**TASK DETAILS**
Below are some records. Retype exactly the lines from the one containing "复古高腰毛呢阔腿裤女2025秋冬韩系百搭宽松直筒小个子七八分裤潮" through the one containing "Дизайн модели —", both included, skipping every picture.

**INPUT RECORDS**

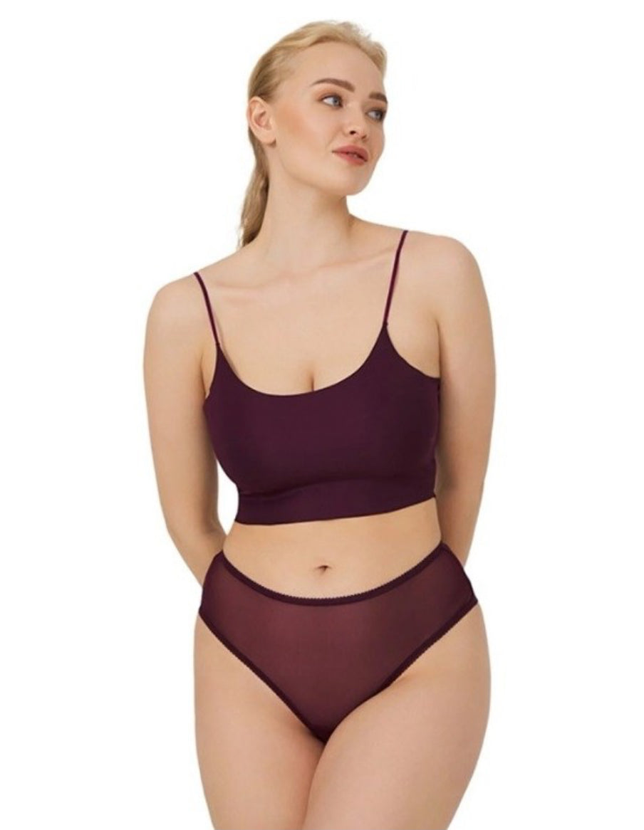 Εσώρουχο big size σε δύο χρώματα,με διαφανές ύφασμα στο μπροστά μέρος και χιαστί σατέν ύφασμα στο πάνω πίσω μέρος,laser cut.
---
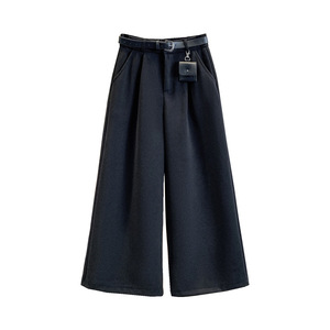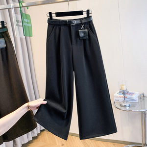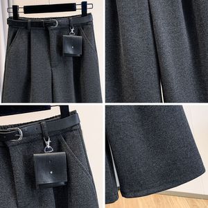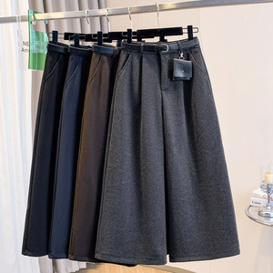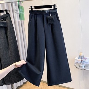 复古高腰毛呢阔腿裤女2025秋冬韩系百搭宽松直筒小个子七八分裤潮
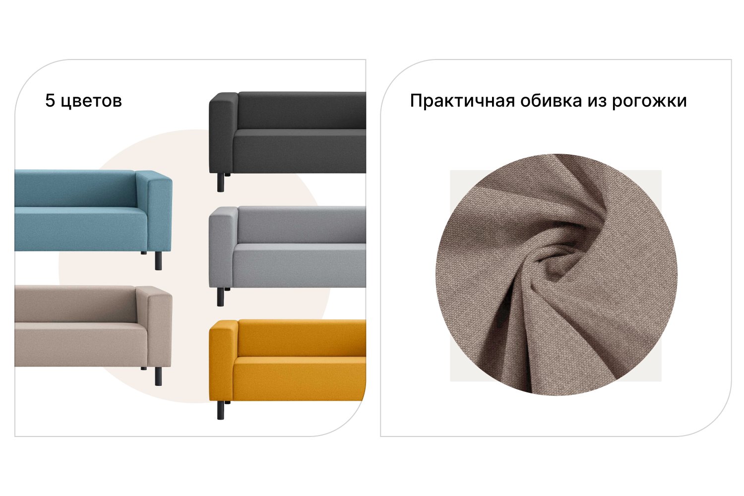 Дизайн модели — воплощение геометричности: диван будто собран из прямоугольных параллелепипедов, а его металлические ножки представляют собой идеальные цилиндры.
...
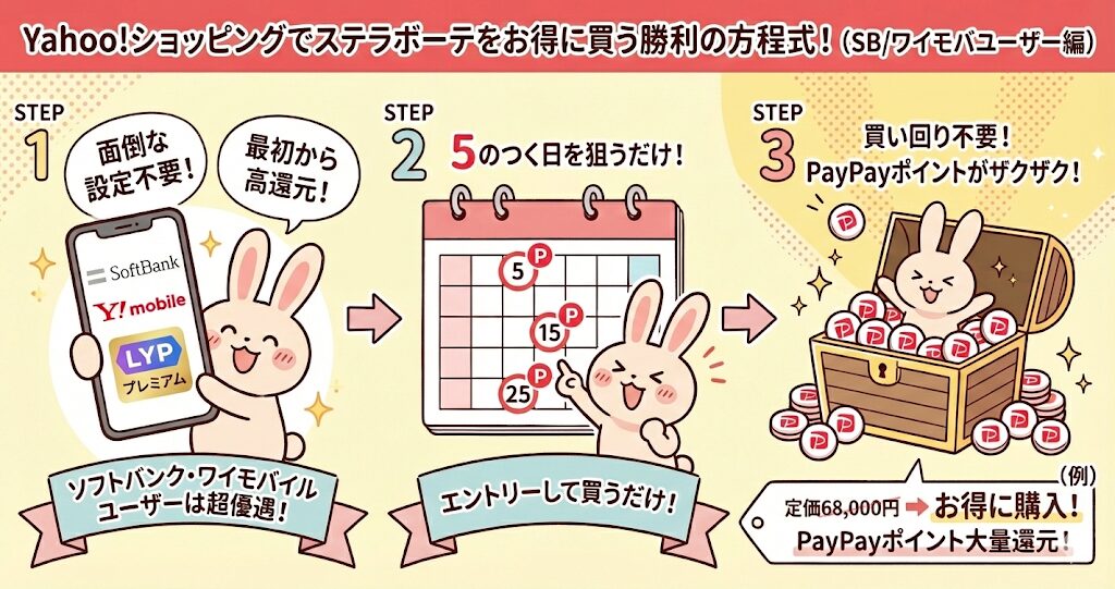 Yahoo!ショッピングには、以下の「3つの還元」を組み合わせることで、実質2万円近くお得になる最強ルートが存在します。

**SOLUTION TO THIS PROBLEM**
 复古高腰毛呢阔腿裤女2025秋冬韩系百搭宽松直筒小个子七八分裤潮
 Дизайн модели — воплощение геометричности: диван будто собран из прямоугольных параллелепипедов, а его металлические ножки представляют собой идеальные цилиндры.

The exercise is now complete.